Answer:
A rule of inference must be valid, i.e. if the rule tells you that from phi
you can infer psi, then it should be that indeed phi |= psi (semantically).
Propositional resolution as stated is valid, but not if you drop more than
one pair.
E.g. from the premises:
p&q => r
s => p|q
we cannot drop both p and q and infer s=>r
(if we know s, we know p or q, but not p&q, so we cannot infer r)
(an interpretation which shows this: assigns true to s,p and false to q,r)
Sorry to everyone for bobbling the "unless" example in class. As we discovered together, the version on the slide I showed was incorrect. I have since fixed this and placed the correct translation in the slides on the website.

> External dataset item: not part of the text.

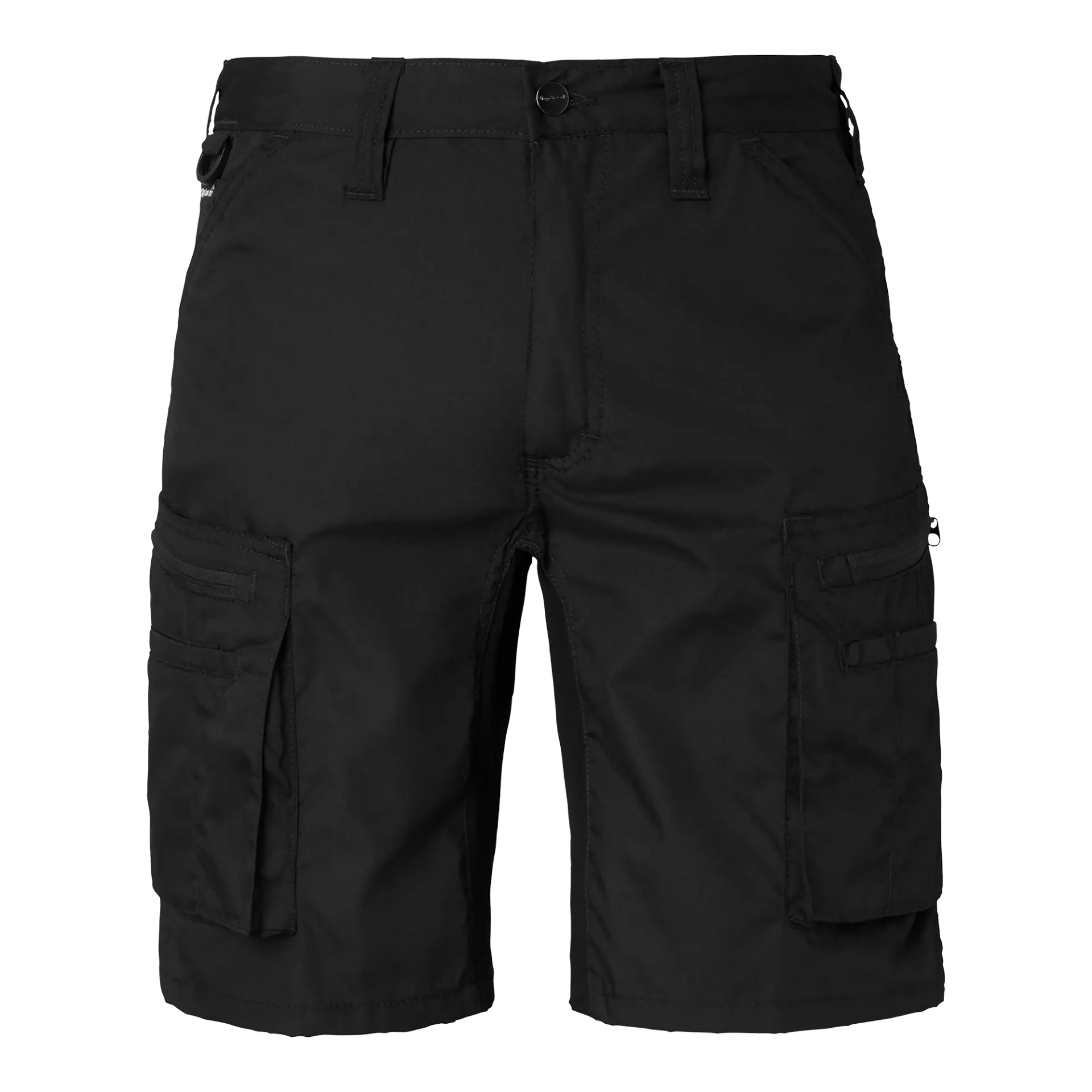 Professional work shorts featuring a modern fit with stretch fabric construction for enhanced mobility and comfort. Designed with multiple pocket configurations including zippered leg pockets and dedicated storage for tools and pens, these shorts incorporate stretch panels in key areas for maximum freedom of movement. The durable polyester-cotton blend with mechanical stretch makes them ideal for construction and industrial work in warm environments.

The "unless" construct in English is complex. There is a basic (weak) meaning that pretty much everyone agrees to, and there is an extended (stronger) version that is occasionally but not always intended.
The statement that "p is true unless q is true" can be rephrased as "p is true if q is not true", i.e. -q => p. In the weak interpretation, that is the entire meaning; the statement says nothing at all about the case when q is true; p may be true or p may be false in that case.

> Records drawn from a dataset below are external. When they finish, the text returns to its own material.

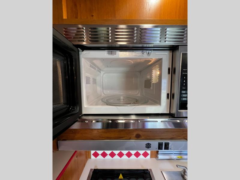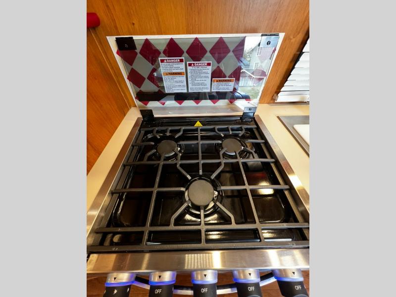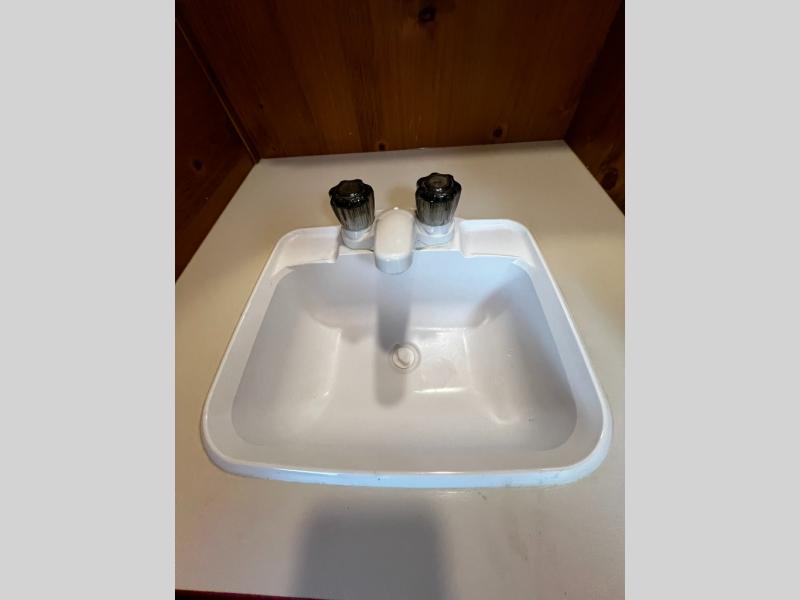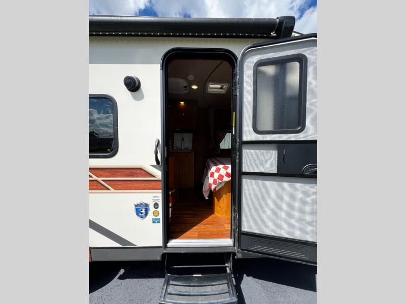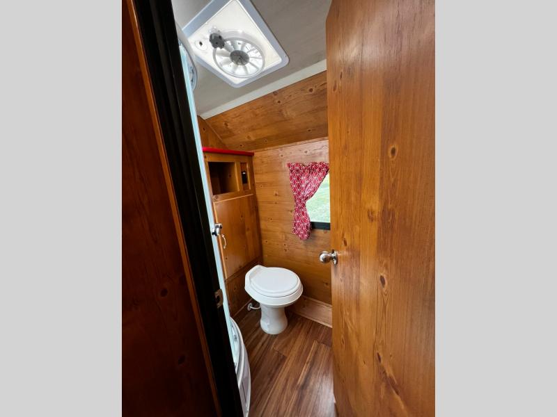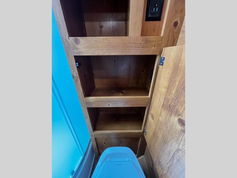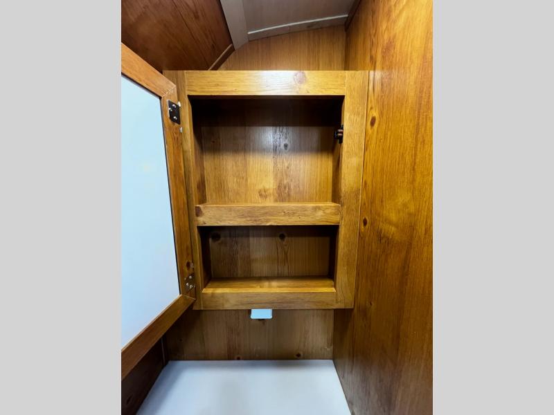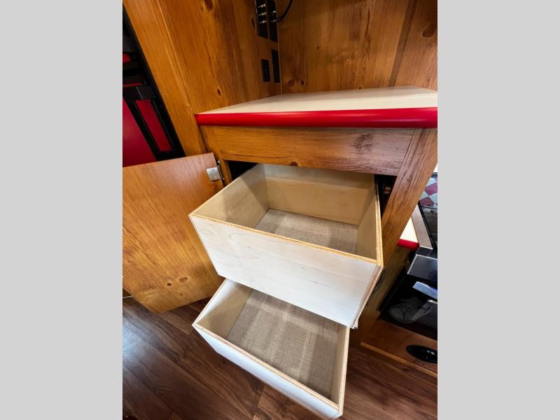 This travel trailer has the same layout as model 18MBS, but you'll enjoy a fixed RV queen bed up front instead of the Murphy bed. The full rear bath includes a linen closet and a wardrobe to keep your necessities organized, and you'll find additional storage throughout this model for your belongings. The vintage booth dinette will be the perfect place to dine at after dinner is made on the two burner cooktop. There is also a microwave oven for quick meals and a 6 cu. ft. double door refrigerator for cold drinks and perishables. And don't forget about the exterior pass-through storage for your larger camp gear!
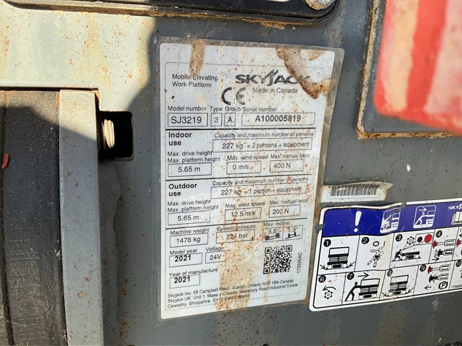 Platformhoogte 5650 mm; v.v. non-marking banden Merk: Skyjack Type: SJ 3219 Bouwjaar: 2021 Serienummer: A100005819 Elektrisch: true Schaarhoogwerker: true Werkhoogte: 7800mm Plateau afm. l: 1590mm Plateau afm. b: 710mm Platform capaciteit: 227kg Afgelezen urenstand: 97 Eigen gewicht: 1476kg Totale afmeting L: 1590mm Totale afmeting Breedte: 710mm
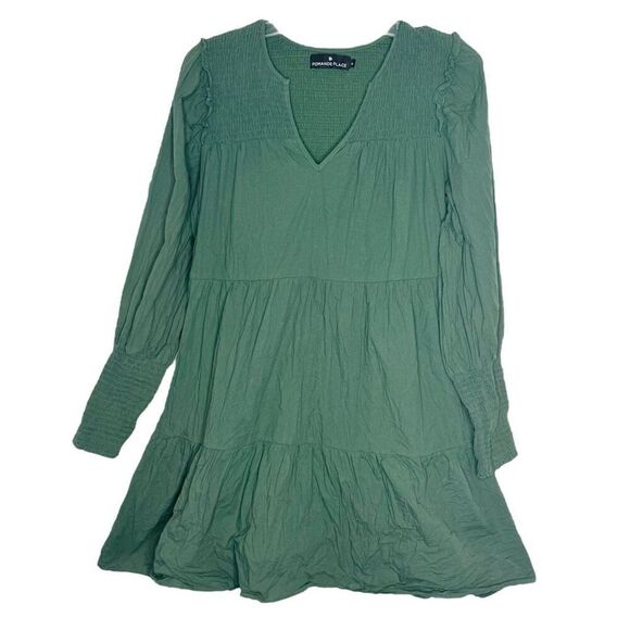 Tuckernuck Pomander Place Green Ceci Smocked Tiered Mini Dress Women’s Size M

In the strong interpretation, p is furthermore required to be false when q is true, i.e. q => -p. The strong interpretation is equivalent to the sentence "p unless q" as "p is true unless q is true in which case p is false". Note that, in this case, the interpretation is (p <=> -q) or, equivalently, (p xor q), as someone mentioned in class.
Example of weak interpretation: A raven can fly unless it is sick, in which case it may or may not be able to fly well depending on how hardy it is.
Example of strong interpretation: A raven is black unless it is an albino. Equivalent sentence: A raven is black unless it is an albino in which case it is white (i.e. no black).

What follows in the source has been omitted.